Janet Jackson

Janet Jackson shocked her fans last month when she announced she was suspending her UNBREAKABLE Tour to start a family at age 49.

On May 4, Entertainment Tonight broke the news that Jackson was pregnant with her first child.

Due to her advanced age, many assumed that the pop icon followed in the footsteps of other middle aged celebrities who conceived their babies through In vitro fertilization.

In Vitro Fertilization (IVF) is an expensive process by which a woman’s eggs are harvested from her ovaries and fertilized in a lab before being implanted in her uterus. But in most cases, a woman’s eggs aren’t viable because they are too old and chromosomally defective.

According to the Daily Beast blog, at age 49, Jackson’s eggs were not viable for IVF. So a donor egg from a younger woman was fertilized by sperm from her billionaire husband, Wissam Al Mana, and implanted in her womb.

This explains why many many celebrities in their late 30s and 40s give birth to babies who look like their husbands but show no resemblance to them.
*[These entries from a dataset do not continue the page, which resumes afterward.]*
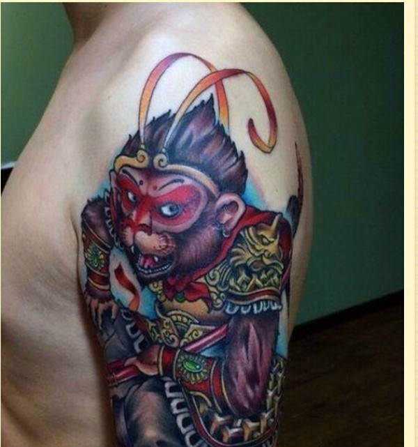 个性时尚大臂彩色孙悟空纹身图案
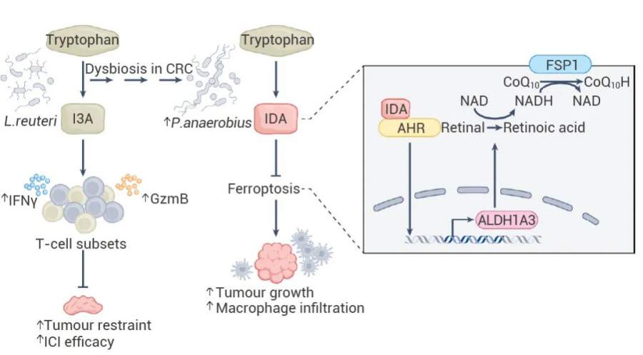 罗伊氏乳杆菌 (L. reuteri) 释放色氨酸代谢物吲哚衍生物 I3A (Indole-3-aldehvde)。促进产生 IFNγ (干扰素 γ) 和 GzmB (表达颗粒酶 B) 的 CD8+ T 细胞,从而增强免疫检查点抑制剂 (ICI) 效果。色氨酸衍生物 IDA 源自 P. angerobius,通过抑制铁死亡促进 CRC 的发展。IDA 是 AHR 的内源性配体,直接调节基因 ALDHIA3。然后,该酶产生 NADH,并通过 NADH 介导的 CoQ 还原来促进 FSPI 调节的抗铁死亡。
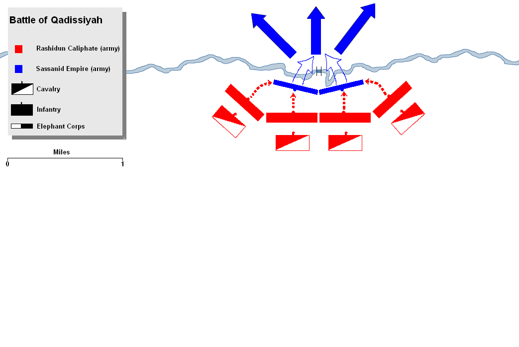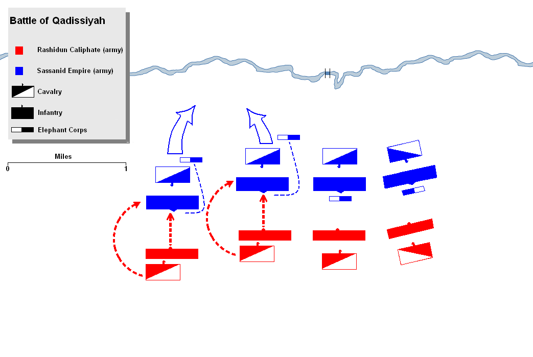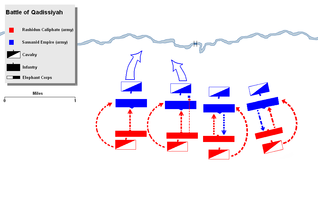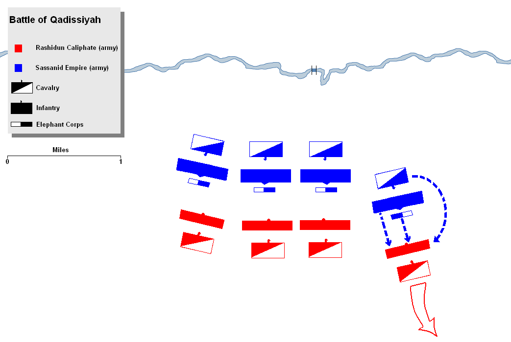 초반 공격이 실패하자 로스탐은 우익과 우익 중앙 군대에 무슬림 좌익과 좌익 중앙을 공격하도록 명령했다. 다시 한번 화살 공격에 이어 코끼리 부대가 돌격해오자, 무슬림 좌익 기병대는 혼란에 빠져 후퇴했다.
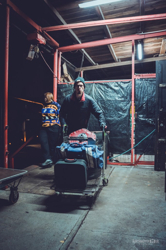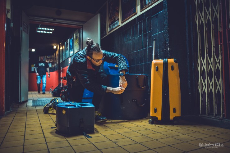 But no concert evening is over until ungodly amounts of pizza find their way into the backstage area. Just forget all the reviews on Google! Touring musicians can tell you best where to get good pizza! But multi-tasking was also required here, because what was in the club has to come out again at some point… Drummer Jakob in particular had a lot to do here: The drums are taken apart with firm, experienced hand movements and packed into appropriate boxes. Later, when the drums are loaded in, Mambo No. 5 and other classics resound out into the Leipzig night. Jakob, if you’re reading this, please send me your playlist! It was awesome!
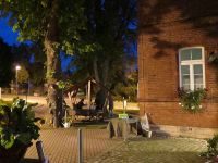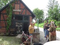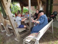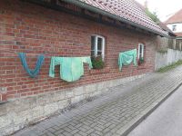Da der Bürgerhaus-Hof aus Sicherheitsgründen abgesperrt war, verlagerten wir den Färbetag unter die beiden Kastanien vor dem Bürgerhaus an der Minzebank. Die Gäste waren 14.00 Uhr eingetroffen, wie auch einige Einwohner von Hochstedt, die dem Bratwurstduft nicht widerstehen konnten. Es gab auch Kaffee und sogar ein Stück Kuchen. Bei milder Witterung und trockenem Himmel konnte die Färberei beginnen.
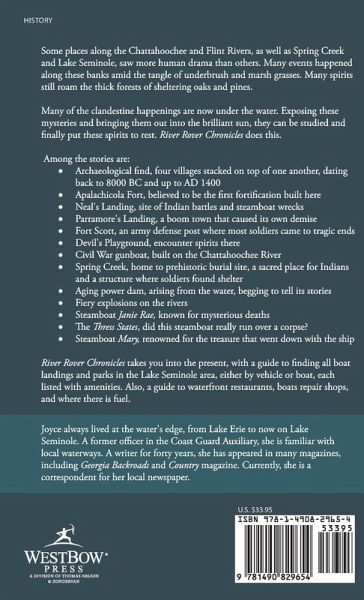 Some places along the Chattahoochee and Flint Rivers, as well as Spring Creek and Lake Seminole, saw more human drama than others. Many events happened along these banks amid the tangle of underbrush and marsh grasses. Many spirits still roam the thick forests of sheltering oaks and pines. Many of the clandestine happenings are now under the water. Exposing these mysteries and bringing them out into the brilliant sun, they can be studied and finally put these spirits to rest. River Rover Chronicles does this. Among the stories are: Archaeological find, four villages stacked on top of one another, dating back to 8000 BC and up to AD 1400 Apalachicola Fort, believed to be the first fortification built here Neal's Landing, site of Indian battles and steamboat wrecks Parramore's Landing, a boom town that caused its own demise Fort Scott, an army defense post where most soldiers came to tragic ends Devil's Playground, encounter spirits there Civil War gunboat, built on the Chattahoochee River Spring Creek, home to prehistoric burial site, a sacred place for Indians and a structure where soldiers found shelter Aging power dam, arising from the water, begging to tell its stories Fiery explosions on the rivers Steamboat Janie Rae, known for mysterious deaths The Thress States, did this steamboat really run over a corpse? Steamboat Mary, renowned for the treasure that went down with the ship River Rover Chronicles takes you into the present, with a guide to finding all boat landings and parks in the Lake Seminole area, either by vehicle or boat, each listed with amenities. Also, a guide to waterfront restaurants, boats repair shops, and where there is fuel.
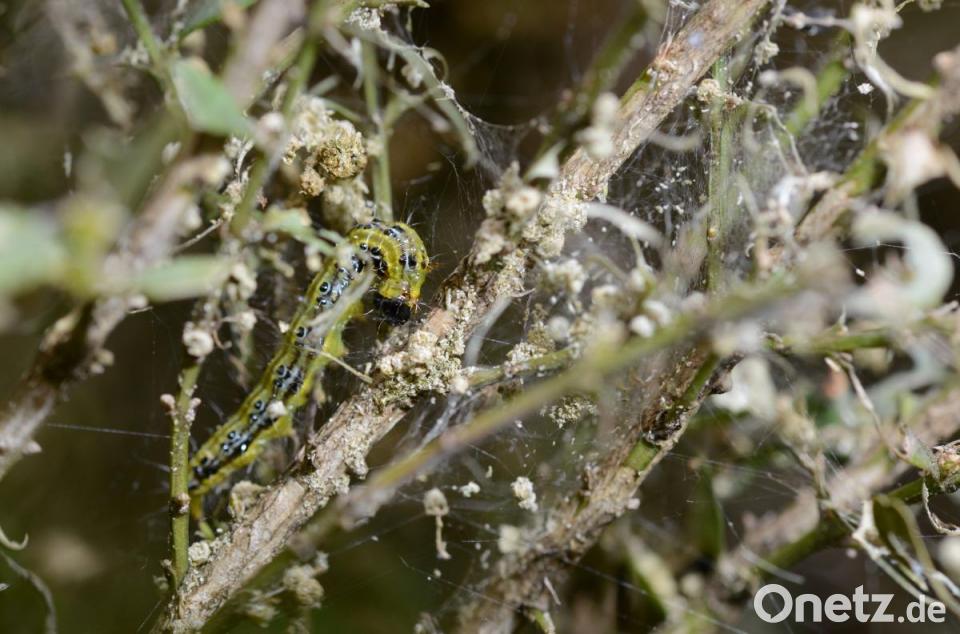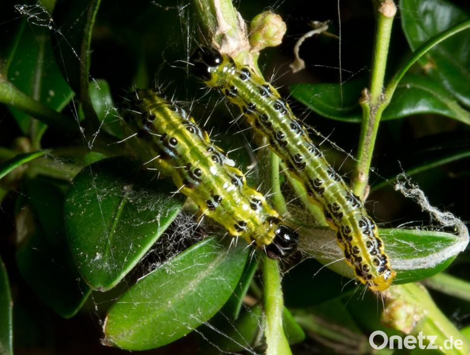 Genau andersherum geht der Buchsbaumzünsler vor. 2006 wurde er das erste Mal in Deutschland gemeldet, eingeschleppt durch internationale Baumschulware. Seitdem breitet er sich von Baden-Württemberg über Südbayern Richtung Norden aus. Es hat bisher keine natürlichen Feinde und "kann sich ungestört ausbreiten", erläutert Thimm-Böhringer. "Somit ist kein Ende des Befalls zu erwarten." Inzwischen hat der Zünsler, der ausschließlich Buchsblätter frisst, schon den Kreis Regensburg und Schwandorf befallen.
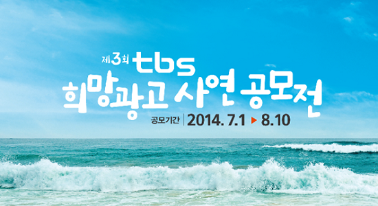 2011년 첫 선을 보이며 무료 CF 제작과 방송 지원을 통해 많은 분들에게 희망을 드렷던 ‘tbs 희망광고 사연공모전’이 오는 7월 1일(화)부터 8월 10일(일)까지 스무 명의 세 번째 주인공들을 찾는다.
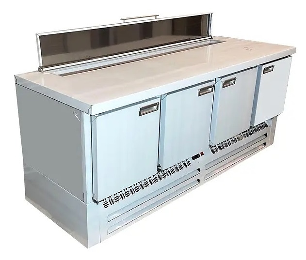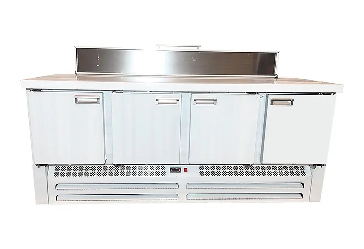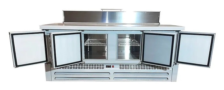 Холодильный стол для пиццы CLSY LUXE Saladetta 1,970 предназначен для обработки ингредиентов в процессе приготовления блюд, а также кратковременного хранения скоропортящихся продуктов и напитков на предприятиях общественного питания и торговли. Модель оснащена салат-баром (саладетта), который можно использовать для приготовления пиццы, шаурмы, салатов и др., а также удобной и простой в использовании электронной панелью управления и тремя распашными дверями с доводчиками. Корпус и столешница выполнены из нержавеющей стали марки AISI 430. Особенности:

The Daily Beast — So what are the chances that the average woman over age 45 will get pregnant? Pretty good, but with a big catch: She will need to use donor eggs from a younger woman, a procedure that costs about $30,000—and is rarely, if ever, covered by health insurance.

In donor egg IVF, another woman provides the eggs, but the intended mother carries the baby and gives birth. The sperm usually comes from the woman’s husband, because men’s fertility typically doesn’t decline as much with age.

The good news is that donor egg IVF is often successful—54 percent of attempts end in the birth of a baby, or as high as 75 percent at the best fertility clinics. By comparison, IVF for women 43 and older using their own eggs results in a baby only about 4 percent of the time.

Why the big difference? An older woman is just as capable of carrying a baby, but her eggs are exponentially more likely to have chromosomal abnormalities, and an embryo with a chromosomal mistake can’t make a healthy baby.